__EXERCISE__.
Line by line, copy the records below exactly and leave the pictures out.

__ENTRIES SUPPLIED__.
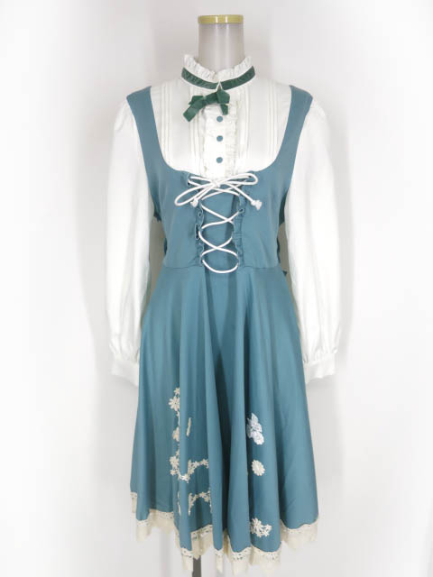■リリーレーヌジャンパースカート エンジ ウエストのレースベルトは取り外しができます。 |
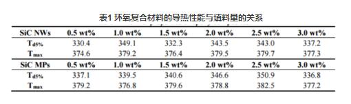 而由(图4)及(表1)可以清楚地观察到,随着SiC NW的增加,环氧复合材料的断裂面显示出显著不同的断裂图形特征。还可看出,SiC NW或SiC MPS可以提高热稳定性环氧树脂复合材料。0.1wt%的环氧树脂/SiC NW和2.5wt%的环氧树脂/ SiC MPS显示高。
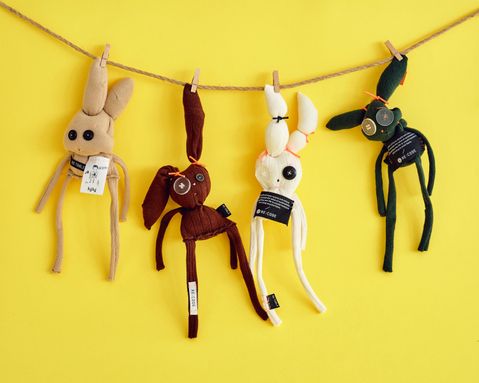 래코드와 정희기 작가는 재고 양말을 업사이클링해 만든 인형 작품 ‘래;토’를 선보이며, 직접 만들 수 있는 ‘래;토 DIY KIT’ 4종을 출시했다. 래;토는 달에 살다가 지구별로 이사 온 가족과 친구들을 찾으러 온 둥근 귀와 단추로 만든 눈이 특징인 토끼 캐릭터다.
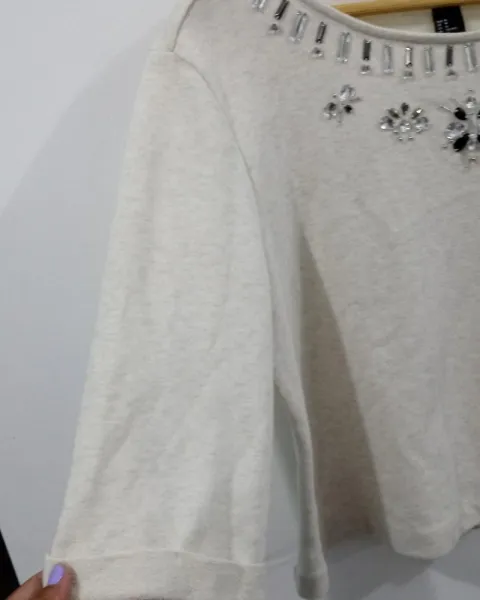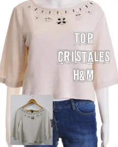 Top cristales H&M. Top beige con cristales en el pecho, manga 3/4 ligeramente arremangada y cuello redondo. Talla M, sin detalles.
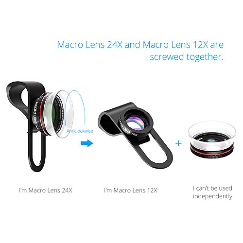 1.The 12X Macro Lens and 24X Super Macro Lens are connected together. When using 24X Super Macro Lens,the 12X Macro Lens and 24X Super Macro Lens must be screwed together.
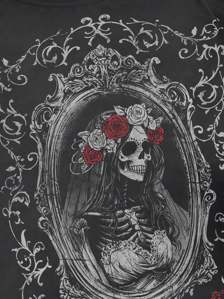 Vintage Skeleton Rose Goth Design Distressed Print Plus Size Loose Single Sleeve T-Shirt
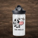 This cute water bottle features an adorable black-and-white cow illustration and can be personalized with your name. Perfect for kids or cow lovers, this fun design makes hydration more enjoyable. Whether for school, sports, or daily activities, this personalized water bottle is both practical and charming.
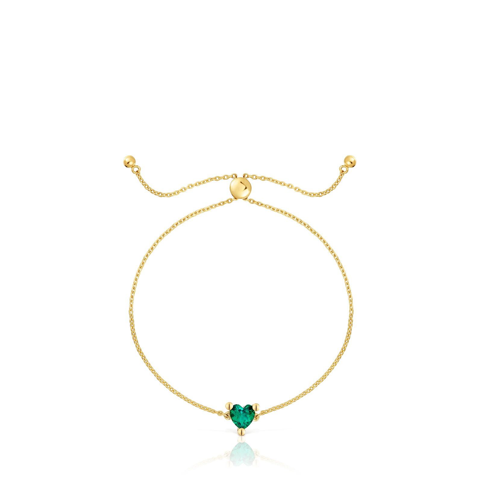 - Pulsera cadena TOUS Garden Of Love LGG con baño de oro 18 kt sobre plata y esmeralda talla corazón creada en laboratorio. Tamaño gema: 6 mm. Longitud pulsera: 24 cm. Cierre deslizante. Pieza fabricada con plata de primera ley con baño de oro de 18 a 23 kt y 3 micras de espesor. Esta calidad garantiza una mayor durabilidad de la joya. Nota: Pieza elaborada con gemas creadas en laboratorio.
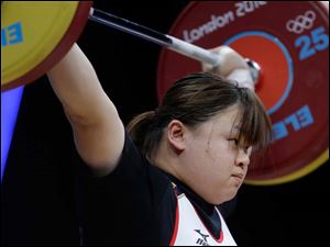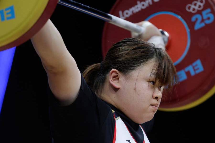 Japan's Mami Shimamoto competes during the women's over 75-kg weightlifting competition.

__YOUR SOLUTION__.
■リリーレーヌジャンパースカート エンジ ウエストのレースベルトは取り外しができます。 |
 而由(图4)及(表1)可以清楚地观察到,随着SiC NW的增加,环氧复合材料的断裂面显示出显著不同的断裂图形特征。还可看出,SiC NW或SiC MPS可以提高热稳定性环氧树脂复合材料。0.1wt%的环氧树脂/SiC NW和2.5wt%的环氧树脂/ SiC MPS显示高。
 래코드와 정희기 작가는 재고 양말을 업사이클링해 만든 인형 작품 ‘래;토’를 선보이며, 직접 만들 수 있는 ‘래;토 DIY KIT’ 4종을 출시했다. 래;토는 달에 살다가 지구별로 이사 온 가족과 친구들을 찾으러 온 둥근 귀와 단추로 만든 눈이 특징인 토끼 캐릭터다.
 Top cristales H&M. Top beige con cristales en el pecho, manga 3/4 ligeramente arremangada y cuello redondo. Talla M, sin detalles.
 1.The 12X Macro Lens and 24X Super Macro Lens are connected together. When using 24X Super Macro Lens,the 12X Macro Lens and 24X Super Macro Lens must be screwed together.
 Vintage Skeleton Rose Goth Design Distressed Print Plus Size Loose Single Sleeve T-Shirt
 This cute water bottle features an adorable black-and-white cow illustration and can be personalized with your name. Perfect for kids or cow lovers, this fun design makes hydration more enjoyable. Whether for school, sports, or daily activities, this personalized water bottle is both practical and charming.
 - Pulsera cadena TOUS Garden Of Love LGG con baño de oro 18 kt sobre plata y esmeralda talla corazón creada en laboratorio. Tamaño gema: 6 mm. Longitud pulsera: 24 cm. Cierre deslizante. Pieza fabricada con plata de primera ley con baño de oro de 18 a 23 kt y 3 micras de espesor. Esta calidad garantiza una mayor durabilidad de la joya. Nota: Pieza elaborada con gemas creadas en laboratorio.
 Japan's Mami Shimamoto competes during the women's over 75-kg weightlifting competition.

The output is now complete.